Rebecca Clarke, grande compositrice du Royaume-Uni de l’entre-deux-guerres, temporairement effacée de l’histoire
07 déc. 2021 à 13:352 min
Par Hélène Michel

"Anthony Trent" : ce nom vous dit-il quelque chose ? Peut-être pas, et pour cause, c’est un pseudonyme, sous lequel se cachait une grande compositrice anglaise du 20e siècle : Rebecca Clarke, qui fut considérée pendant un certain temps comme l’une des compositrices les plus importantes du Royaume-Uni de l’entre-deux-guerres, avant d’être ensuite effacée de l’histoire et de tomber dans un oubli qui va durer de longues années.

Et elle chante aussi, de la musique ancienne. Elle chante sous la direction d’un autre grand nom de la musique : Ralph Vaughan Williams, dans un ensemble d’étudiants qu’elle a elle-même fondé, pour étudier et interpréter la musique de Palestrina. La jeune fille ne s’entendait pas vraiment avec son père, dont elle avait découvert les infidélités envers sa mère. Le paternel, pris en faute, finira tout simplement par la mettre à la porte en lui coupant les vivres. Nous sommes en 1910 et elle doit gagner sa vie. Ce qu’elle fera en jouant de l’alto. Rebecca Clarke devient alors l’une des premières femmes musiciennes d’orchestre professionnelles, lorsqu’elle est sélectionnée par Sir Henry Wood pour jouer dans le Queen’s Hall Orchestra en 1912. Les tournées s’enchaînent, jusqu’en 1916 où elle s’installe aux Etats-Unis, pour se lancer dans une carrière de soliste.

Une pièce courte et lyrique intitulée Morpheus qu’elle compose sous le pseudonyme d’Anthony Trent est créée en 1918 à New York. Les critiques font l’éloge de ce mystérieux "Trent" ignorant largement les autres partitions créditées sous le nom de Clarke, créées lors de ce même récital. Sa carrière de compositrice culmine pendant une brève période, avec notamment sa sonate pour alto, qui reste à ce jour sa partition la plus célèbre. De retour en Angleterre, elle fonde un quatuor, l’English Ensemble, quatuor avec piano, avec lequel elle va participer à l’Exposition coloniale de Paris de 1931.

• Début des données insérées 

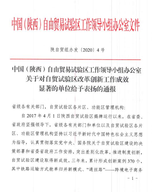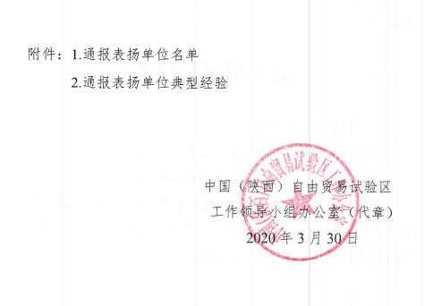 3月30日,陕西省自贸办印发《关于对陕西省自贸试验区改革创新工作成效显著的单位给予表扬的通报》,杨凌自贸片区等四个片区和陕西省市场监管局等三个省级部门单位名列其中。
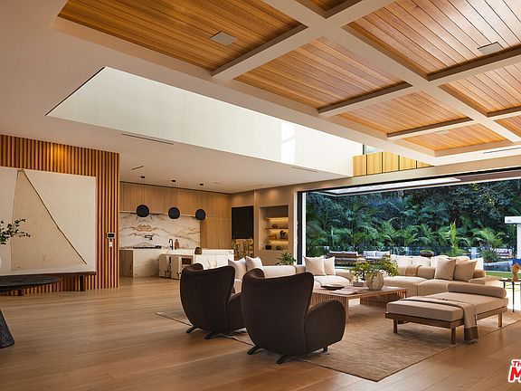 Indulge in an effortless resort-quality lifestyle from this extremely private entertainer's compound surrounded by natural greenery with sumptuous canyon views, showcasing a variety of premier amenities on 1.3 acres of mostly flat usable land. An absolute dream for recreational enthusiasts, growing families, and sports professionals alike, this exquisite haven includes a dedicated pickleball court, a professional-size basketball/sports court, and putting green, all enveloped by a flourishing leafy paradise. An expansive gated motor court provides parking for ten cars, and a striking entry calms the senses with soft organic tones complementing the lush hillside beyond. A gourmet chef's kitchen is outfitted with bookmatched stone slabs, triple waterfall island, and Miele appliances as well as a commercial-grade walk-in refrigerator in the caterer's prep galley. Both bar and wine room are showpiece standouts, and the theatre is expertly configured to match a true cinema experience. Upstairs, the primary wing alone spans 3,000 square feet and offers a lounge, two-sided fireplace, and a marvelous spa-worthy imported European stone-clad bathroom plus dual closet changing rooms, one of which features a walk-out balcony with fire pit overlooking the grounds below. Other amenities include an office, gym, sauna, and mud room. Enjoy a casual, fun-filled lifestyle at this private, family-friendly luxury resort that features a cabana with outdoor kitchen and rainfall curtain, relaxation loggia, a 16-person sunken fire pit with glass view to pool, numerous sitting areas, organic gardens, and 3,000-square-foot rooftop deck optimized for entertaining under California skies. Secluded in a park-like setting with no immediate neighbors, this ideal estate promises joyful existence and enduring, uninterrupted leisure from one of the most highly sought-after locales in the world. Welcome to the peak of contemporary luxury.

Lors de la Seconde Guerre mondiale, Rebecca Clarke se trouve aux États-Unis, elle s’y était rendue pour visiter ses deux frères et ne peut obtenir de visa pour rentrer. Elle en profite pour composer une dizaine d’œuvres, et se marie avec James Friskin, compositeur et pianiste, rencontré par hasard dans une rue de Manhattan et qu’elle connaissait depuis son adolescence. Ils sont tous les deux âgés à cette époque d’une cinquantaine d’années. C’est à cette même époque que sa production diminue, due en partie à des ennuis de santé : elle souffre d’une forme chronique de dépression. Le manque d’encouragement qu’elle reçoit pour son travail semble la rendre réticente à composer. Mais Rebecca Clarke vivra encore trois décennies, elle meurt en 1979 dans sa maison à New York à l’âge de 93 ans.

Aujourd’hui le monde musical comprend de plus en plus que Rebecca Clarke est devenue une figure incontournable de l’histoire de la musique, et son œuvre est souvent comparée à celle d’Ernest Bloch, Ravel ou Debussy.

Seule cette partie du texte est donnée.